If you’ve ever attempted to make ice cream yourself, you understand how daunting of a task it can be.
Tempering egg yolks is intimidating, using that salt-and-ice-cube-in-a-bag method is— let’s face it— doomed for disappointment and investing in an ice cream maker is simply not happening on a college budget.
Fortunately, the struggle for quick and satisfying homemade ice cream can now end, and it’s all thanks to the brilliant mind of Nigella Lawson.
No jokes, no fuss, Lawson’s no-churn ice cream requires only one step and a few hours of patience (in which time I would recommend making some cookies to sandwich a scoop of the finished product between).
Basil Infused No-Churn Ice Cream
Recipe inspired by Nigella Lawson’s No-Churn Coffee Ice Cream.
Adding basil takes only a small extra step and yields a sophisticated, high summer vibe dessert.
1 1/4 cup heavy whipping cream
1/3 cup basil leaves, packed
2/3 cup sweetened condensed milk
Sea salt
Plenty of ice cubes
- In a small saucepan, gently
heat the cream with the basil leaves on the stove top. Remove the pan from
the heat just as small bubbles start to appear and let the cream rest for
30 minutes to let the basil flavor fully infuse. - Transfer the cream and basil leaves into a blender and blitz quickly to chop the leaves. Alternatively, you can remove the leaves but they add a nice color.

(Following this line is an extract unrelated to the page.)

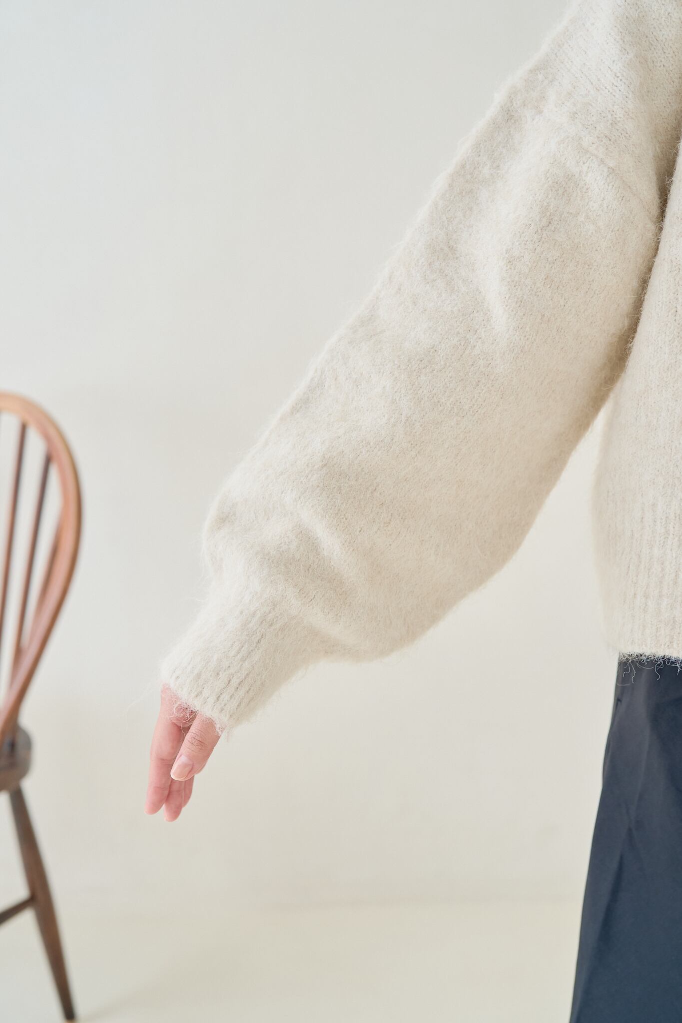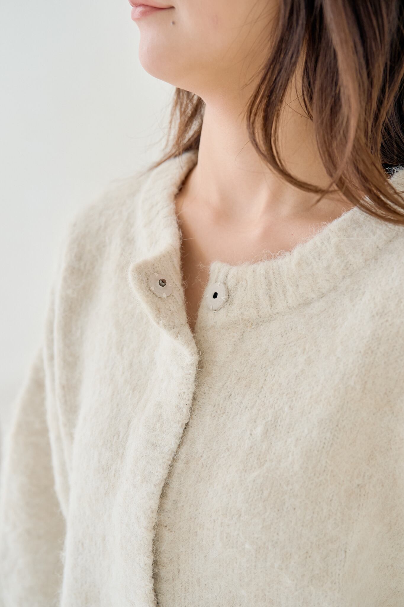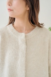 柔らかな起毛が心地よく、ミックスヤーンのデザインが可愛らしさを演出するカーディガンです。フラッフィーな素材感が女性らしい雰囲気を引き立て、ワイドな巾と少し短めの丈感がトレンドライクなスタイルを実現します。

- Fill a large bowl with ice
cubes to create an ice bath. Pour the basil cream into a smaller bowl and
let it rest in the ice bath, then put everything in the fridge to cool for
1 hour. - Remove the small bowl of
cream from the ice bath. Pour the ice and water out of the large bowl.
Now, pour the cream from the smaller bowl into the large bowl. (Using a
chilled bowl will help the cream whip faster). With a whisk or a hand
mixer, beat the cream until it just starts to form soft peaks (it takes
about 10 minutes of rigorous hand whisking). - Gently fold in the sweetened
condensed milk, add a pinch of salt and whisk for a few minutes more. - Fill a large airtight container (such as Tupperware) and freeze for at least 4 hours.